神剑的锋锐破开了坚硬的龙鳞,在参孙胸前留下一个深刻的“x”形创口,龙血喷溅。
剧痛让参孙应激性地后退,发出震耳欲聋的咆哮。
但它毕竟是诺顿座下身经百战的亲卫,临危不乱,粗壮的龙尾如钢鞭般顺势横扫,像驱赶蚊蝇般將酒德麻衣狠狠抽飞出去!
“砰!”
酒德麻衣重重撞在甬道壁上,只觉得五臟六腑都错了位,咳出一小口血,持剑的虎口已然崩裂,鲜血浸湿了剑柄。
若非最后时刻用双剑格挡卸去部分力量,身后还有水流作为缓衝,光是这一记甩尾就足以要了她的命。

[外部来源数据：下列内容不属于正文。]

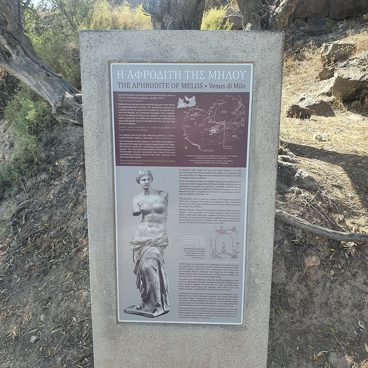 밀로의 아프로디테가 있었다는 유적지에는 아름다운 아프로디테가 아니라 설명만이 자리하고 있었다. 밀로의 아프로디테는 1820년 요르고스 켄트로타스라는 사람이 자신의 밭을 파다가 우연히 발견하였다. 오스만제국(당시 그리스는 오스만 튀르크의 지배 하에 있었다)과 프랑스 사이에서 이 석상의 소유권을 두고 다투다 결국 프랑스의 손에 넘어갔고, 1821년 3월 프랑스 땅을 밟아 루이 18세에게 바쳐지게 된다. 결국 진짜 밀로의 비너스를 보려면 파리의 루브르 박물관으로 가시면 됩니다.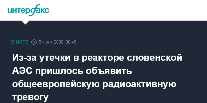 Решение о тревоге было принято после поступления сообщения из Словении об утечке в охлаждающем контуре реактора на АЭС "Кршко". Как сообщило поздно вечером в среду словенское телевидение, утечка в охлаждающем контуре реактора на АЭС "Кршко" не нанесла никакого вреда ни здоровью работников станции, ни жителям окрестностей, ни окружающей среде.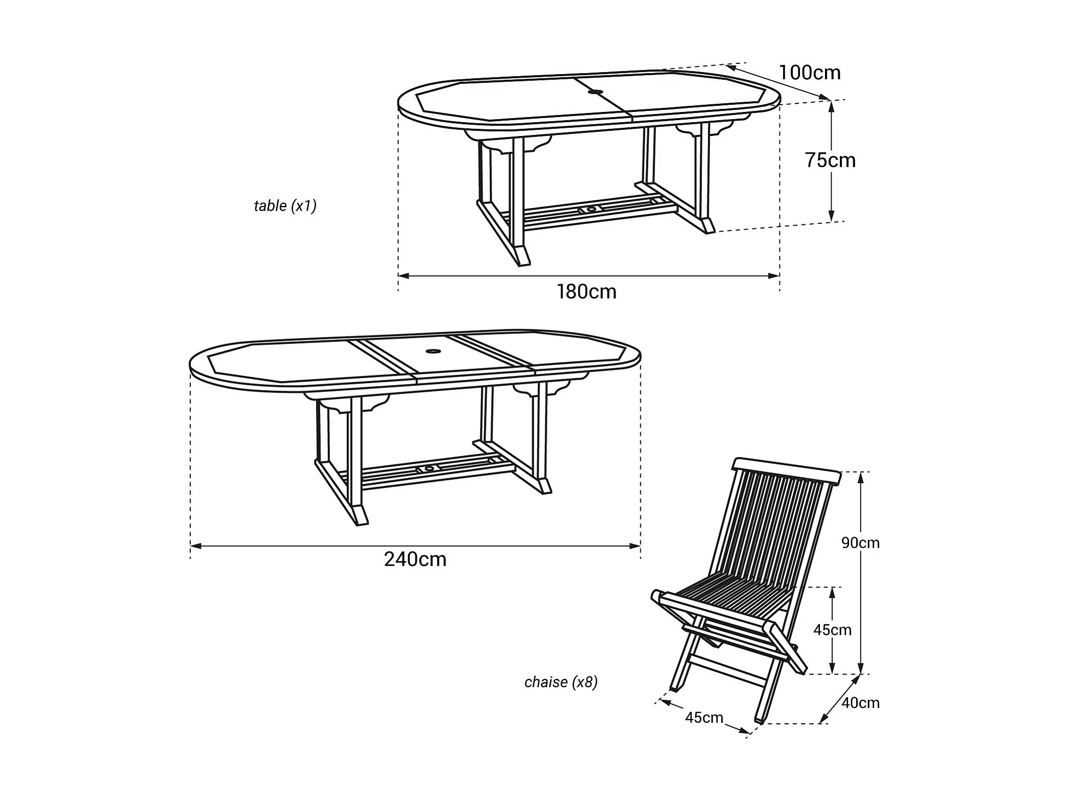 Teak tuinmeubelen LOMBOK - ovale uitschuifbare tafel - 8 zitplaatsen

这电光石火间的交锋,让她无比清晰地认识到人与龙之间那鸿沟般的力量差距。
她手持神剑,確实能威胁到对方,但整个战斗过程如同在万丈深渊之上走钢丝,容不得半分差错。
而参孙凭藉其庞大的身躯和强悍的防御,只要护住心臟、头颅等要害,便拥有极大的容错空间。
另一条三代种龙侍抓住了她受创的时机,扑咬过来。
酒德麻衣强忍剧痛,右脚猛地蹬踏侧壁,身形险之又险地擦著利齿掠过。
她的呼吸变得异常急促。龙化状態虽改变了她的部分生理结构,让她能像鱼类一样从水中获取氧气,不至窒息,却难以支撑如此高强度的剧烈消耗。
单单一个参孙就已让她险象环生,旁边还有一条三代种龙侍不时伺机偷袭,几乎不给她任何喘息回力的机会。
她如同狂风暴雨中的一叶扁舟,在两条巨龙掀起的惊涛骇浪中,艰难地维繫著那一线生机。
儘管占尽上风,参孙熔岩般的黄金瞳中却毫无喜色,只有不断上涨的焦灼。
每被拖延一秒,沉睡中的君主就多一分危险。
它真正的使命,从来不是诛杀这些闯入龙墓的无礼之徒,而是不惜一切代价,守护尚在孕育中的君王。
这份守护的责任,让他的攻击变得更加狂暴,大开大闔,每一次爪击、每一次龙息都倾尽全力,试图以绝对的力量碾碎眼前的障碍。
它並非没有考虑过直接甩开这个难缠的人类,直扑君主寢宫。但这样做反而可能將这个手持诡异兵刃、威胁巨大的敌人引向君主所在。